For caret range, if it’s for enabling JS-based IME, then exposing the caret ranges of IME clauses is helpful, but if it’s not for JS IME, is there any other usage? We understand that web applications want to know about the whole string of the tentative composition, but we are not sure in which case they want to know how the whole tentative composition string is divided into several parts. Another issue is that the range type only tells the start and end offsets of the composition from its immediate parent. Web application usually wants to know the offset from the beginning of the text field so that it could combine the composition alternate with the text before it to create a full text string. But the beginning of the text field can be up in the parent tree if it’s a contentEditable element and requires JavaScript code to trace up in the parent tree to get the right offset.

So instead of a dictionary type for composition, we suggest compositionText, compositionStartOffset and compositionEndOffset as a simpler design. Please let us know if you have scenarios that need to be the other way."

AFBarstow · 2015-10-12T13:52:08Z

Comment #1 from https://www.w3.org/Bugs/Public/show_bug.cgi?id=22059 @TakayoshiKochi

Takayoshi Kochi 2013-07-04 03:35:40 EDT

As suggested by James Su, I'd like to incorporate composition dictionary
within InputMethodContext.

It would look like:
interface InputMethodContext {
...
readonly attribute DOMString text;
readonly attribute long selectionStart;
readonly attribute long selectionEnd;
readonly attribute Uint32Array segments;
....
}

where selectionStart/End means identical to that for /<textarea>,
and added segments information for dividing the text into clauses.

AFBarstow · 2015-10-12T13:53:09Z

Comment #2 https://www.w3.org/Bugs/Public/show_bug.cgi?id=22059#c2 @travisleithead

Travis Leithead [MSFT] 2013-08-20 14:21:57 EDT

(In reply to comment #1)

As suggested by James Su, I'd like to incorporate composition dictionary
within InputMethodContext.

It would look like:
interface InputMethodContext {
...
readonly attribute DOMString text;

The interface is labelled "InputMethodContext" and so "text" is a little ambiguous in my opinion. I liked "compositionText" better, but I could be OK with this.

readonly    attribute long        selectionStart;
readonly    attribute long        selectionEnd;

Selection & composition are two completely different underlying concepts that shouldn’t be combined. I think calling these "selection.." is confusing with normal text selection.

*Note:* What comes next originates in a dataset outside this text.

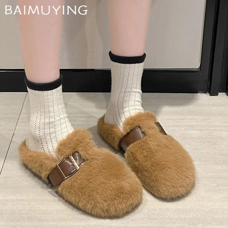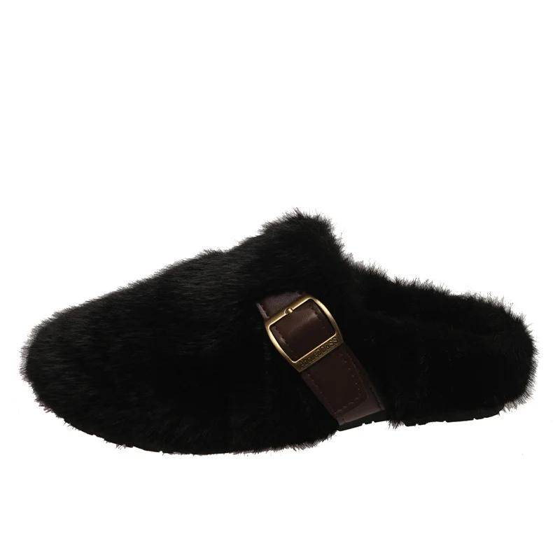 Меховые балетки женские хлопковые тапочки короткие плюшевые дизайнерские повседневные туфли с пряжкой 2025 года тренд теплые уютные домашние зимние снежные ботинки женские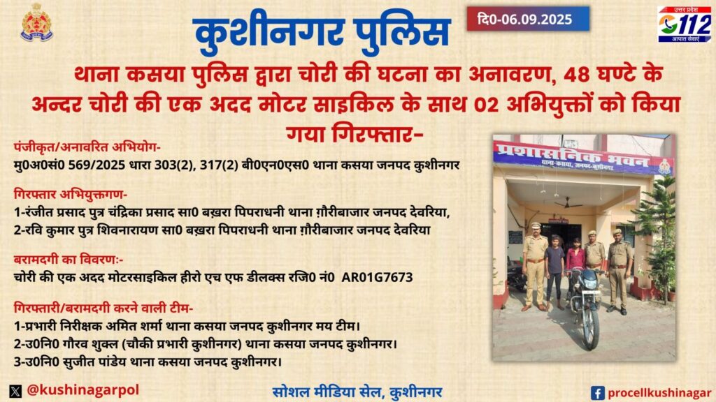 कुशीनगर में पुलिस का करारा वार! 48 घंटे में चोरी का पर्दाफाश, मोटरसाइकिल समेत 02 शातिर चढ़े हत्थे 🚨

The currently selected text will already be available via the input and textarea's selection properties--no need to duplicate the functionality. Offset (in the MS proposal) makes it clear that it’s character positions and not DOM nodes. These offset character positions mark the actual "active" composition range (which may be different from what is currently selected). Maybe for brevity: "startOffset"/ "endOffset"? or "textContentStart"/"textContentEnd"?

readonly    attribute Uint32Array segments;

OK. This is not relevant to all IMEs though. I suppose we could implement this for other IMEs by always returning only 1 segment.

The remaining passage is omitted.